3A and 3B show signal waveforms of the output signal y (n). 3A and 3B, the horizontal axis represents time (seconds), and the vertical axis represents amplitude. FIG. 3A shows a voice waveform of a female voice in a voice database sampled at 16 kHz. Moreover, bubble sound was used for the acoustic signal z (n) not shown. FIG. 3B is a signal waveform of the output signal y (n) when the control signal c (n) = 1. The value of m is 16. In the silent section around 4, 8, 12 seconds of the input audio signal x (n), the output signal y (n) is also a silent section. When attention is paid to the shape of the time decay curve of each speech waveform, it can be seen that the waveforms of the output signal y (n) and the input speech signal x (n) are similar. In this example, since the control signal c (n) = 1, the output signal y (n) becomes the output signal x _c (n) of the filter unit 4 (formula (2)). Since the output signal is an audio signal having an average power fluctuation for each frequency band of the input audio signal x (n), the meaning of the word is unknown, but the atmosphere of the word can be transmitted. Therefore, it is possible to convey the state of talking while hiding the content of the conversation. Furthermore, since the output signal y (n) is obtained by filtering the bubble sound with the feature amount of the input sound signal, it does not feel uncomfortable even if it is heard for a long time.

なお、帯域分割部２の周波数分析手段として、フィルタバンク分析を用いた例で説明を行ったが、短時間フーリエ変換やウェーブレット変換を用いても良い。また、音響信号ｚ（ｎ）は、外部から供給される例で説明を行ったが、図１中に破線で示す様に、コミュニケーション音声処理装置２１０内に信号保存部７を設け、音響信号ｚ（ｎ）を保存しておいても良い。 In addition, although the example which used the filter bank analysis was demonstrated as a frequency analysis means of the band division part 2, you may use short-time Fourier transform and wavelet transform. The acoustic signal z (n) has been described with an example of being supplied from the outside. However, as shown by a broken line in FIG. 1, the signal storage unit 7 is provided in the communication voice processing device 210, and the acoustic signal z (N) may be stored.

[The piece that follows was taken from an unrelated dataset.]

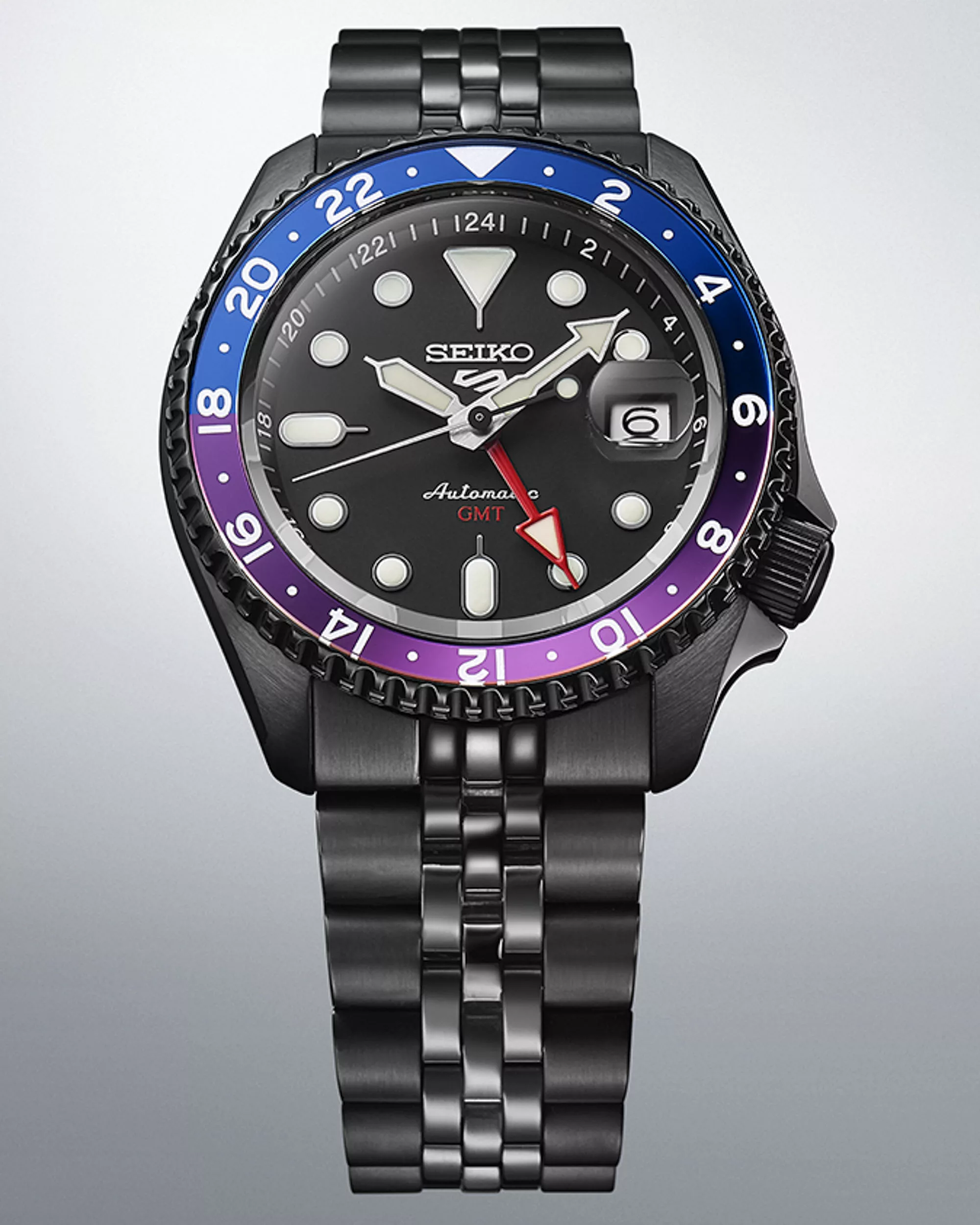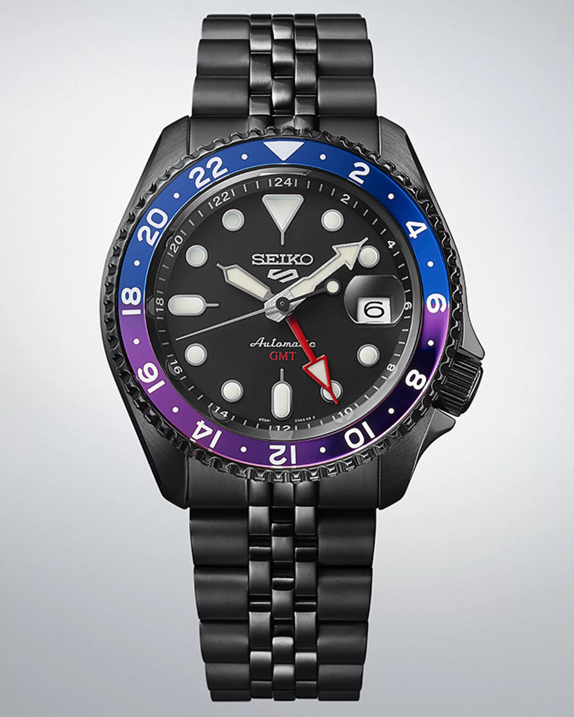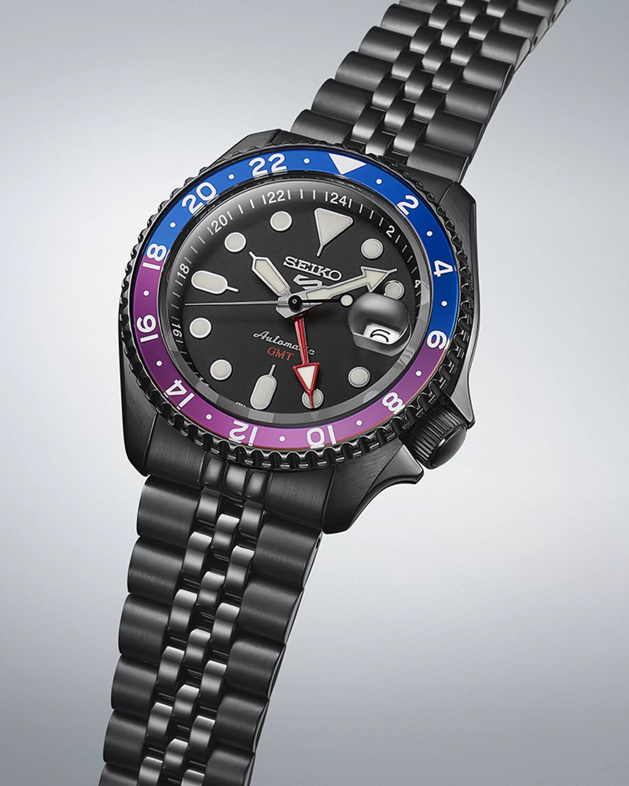 The dial of the SSK027 retains the matte black surface seen in standard Seiko 5 Sports GMT models. Luminous hands and hour markers ensure visibility, and small bright red accents highlight the 24-hour hand and “GMT” text. The unique split-color bezel insert in navy blue and purple quite apparently pays homage to Tokyo’s sunset. The bezel’s captivating fusion of blue and purple against the stark black of the dial, case, and bracelet mirrors the enchanting hues of Tokyo’s cityscape as it surrenders to nightfall. The watch is water-resistant up to 100 meters, and the Hardlex crystal with a magnification bubble above the date enhances durability.
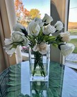 White Silk Flowers Orchids In Vase, Flower Arrangement 20" Euc

実施例1は、明瞭度設定部５に設定された明瞭度に応じてフィルタ部の出力信号と入力音声信号との配分を変えて出力信号ｙ（ｎ）を生成する。以降、この機能を説明の便宜上プライバシー機能と称する。実施例１では、このプライバシー機能の動作は常時行なわれ、選択の余地が無い。例えば、プライバシーの保護の必要の無い幼児の見守り等にこの発明のコミュニケーション音声処理装置を用いる場合に、実施例１の構成では使い難い場合もある。そこで、このプライバシー機能を選択的にＯＮ/ＯＦＦ出来るようにした実施例２を次に説明する。 In the first embodiment, the output signal y (n) is generated by changing the distribution of the output signal of the filter unit and the input audio signal according to the clarity set in the clarity setting unit 5. Hereinafter, this function is referred to as a privacy function for convenience of explanation. In the first embodiment, the privacy function is always operated and there is no room for selection. For example, when the communication speech processing apparatus of the present invention is used for watching an infant who does not need privacy protection, the configuration of the first embodiment may be difficult to use. A second embodiment in which the privacy function can be selectively turned on / off will be described below.

この発明の実施例２のコミュニケーション音声処理装置２２０の機能構成例を図４に示す。その動作フローを図５に示す。コミュニケーション音声処理装置２２０は、プライバシー機能を周波数領域の信号で処理するようにしたものである。実施例１に対して、実施例２は、スイッチ部４１と、処理制御部４２と、周波数変換部４３と、周波数逆変換部４７とが加えられ、帯域分割部４４と出力部４５の動作が変る。よって、ここでは、新たに追加された構成と、実施例１と動作が異なる部分について説明する。 FIG. 4 shows a functional configuration example of the communication voice processing apparatus 220 according to the second embodiment of the present invention. The operation flow is shown in FIG. The communication voice processing device 220 processes the privacy function with a frequency domain signal. In contrast to the first embodiment, in the second embodiment, a switch unit 41, a processing control unit 42, a frequency converting unit 43, and a frequency inverse converting unit 47 are added, and the operations of the band dividing unit 44 and the output unit 45 are performed. Change. Therefore, here, a newly added configuration and a portion different from the operation in the first embodiment will be described.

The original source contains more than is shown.